Существовала правда, которую ей все еще не удавалось выпустить на свет.
Рассказать о том, что она годами жила с ужаснейшим из чудовищ.
Что она была такой же, она тоже.
Рассказать о том, что дядя лишил ее невинности, когда ей еще не было тринадцати лет. Что он стал единственным мужчиной, с которым она спала.
Рассказать о том, что он сделал ей двух детей, прежде чем хладнокровно задушить их сразу после рождения.
Рассказать о том, что он похитил, изнасиловал и убил тринадцать невинных девочек.
Что она была свидетелем всех этих преступлений. И никогда даже не пыталась ему помешать.
Рассказать о том, что иногда она даже испытывала удовольствие.
Рассказать, что она была больна. Неизлечимо, конечно.
Как признать весь ужас своего существования перед этими незнакомцами?
Ужас царил внутри ее и вокруг.
Комиссар продолжал бомбить ее вопросами.
Но он больше не добьется ни одного ответа.
Земля исторгала белое дыхание, и это делало окружающее нереальным.
Вильям открыл глаза и увидел пейзаж — вне времени и пространства.
Боль придавила его к земле. Влага, которой сочился ковер из растений, проникала в него, пробирая до костей. Было так холодно, что ему немедленно захотелось начать двигаться, попробовать встать.
Повернув голову, он вдруг увидел разбитую голову Патрика. Он тут же осознал, что его правая рука касается руки покойника. Он резко отстранился, что породило новую волну боли.
— Я убил эту сволочь… Я убил его, Раф!
Рафаэль.
Освободить его.
Джессика.
Спасти ее.
Вильям улыбнулся неизменному небу. Он почувствовал себя героем.
А герои бессмертны.
Он попытался встать. Но как только он напряг мышцы живота, его тело словно пронзило копьем. Ему все же удалось перекатиться на бок, и он начал рыться в карманах трупа в поисках связки ключей. Он снял петлю, которую Патрик набросил ему на шею, и отшвырнул ее в заросли.
Затем, стараясь опираться на свою правую ногу, он наконец встал.
Это был подвиг.
И тут он увидел кровь. На своей грязной одежде, на опавших листьях.
Повсюду.
Его кровь. Она бежала из его ран в животе и ноге.
И вот в его теле снова пара пуль.
Всего четыре. Он уже побил мрачный рекорд Рафаэля. И все еще жив.

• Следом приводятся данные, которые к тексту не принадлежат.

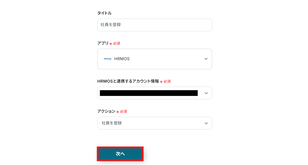 先ほどと同様にHRMOSと連携するアカウント情報やアクションを確認、タイトルを修正して次に進みましょう。

Он оперся на ствол ближайшего дерева, чтобы не упасть. Все вокруг кружится. Он оказался в центрифуге, которая вращалась с невероятной скоростью.
Ухватившись за ветку, он попытался восстановить дыхание.
Кровь продолжала уходить из его вен, он надавил на живот дрожащей рукой. Всего спустя несколько секунд она стала совершенно красной, горячей и липкой.
Он опустошен до предела.
Добраться до пристройки, пока не поздно. Вот единственное, о чем он должен думать.
Шаг, другой. Еще один.
Не больше трех кряду, иначе он рухнет.
Он останавливался у каждого дерева, опирался плечом на ствол.
— Я иду, Раф… Я иду.
Чтобы придать себе храбрости, он представил взгляд брата, когда он войдет в темницу. Его восхищенный взгляд.
Наконец-то он будет им гордиться.
Наконец-то Вильям станет ему равным.
Еще три шага, дом так далеко… Он постарался успокоить себя, думая о том, что сейчас чувствует его старший брат.
Еще три шага. И вдруг что-то теплое поднялось из его нутра, наполнило его рот и заструилось с губ.
Кровь.
Но Вильям продолжал идти, шаг за шагом.
Теперь внутри тоже стало холодно, этот холод принялся грызть его, подтачивать силы. Пожирать изнутри.
Еще три шага. И новое дерево, можно передохнуть.
Чертов туман. Где же дом?
Так далеко…
— Я иду, Раф… Я иду, не волнуйся.
Он наступил ногой на сухую ветку, поскользнулся. Ему было так больно, будто он упал с нескольких этажей.
— Я иду, Джесси. Я спасу тебя, дорогая. Ты сможешь… вернуться… домой.
Он снова встал. И опять двинулся вперед.
Неукротимый.
— Черт, мы будем богаты! Чертовски богаты! А, Раф?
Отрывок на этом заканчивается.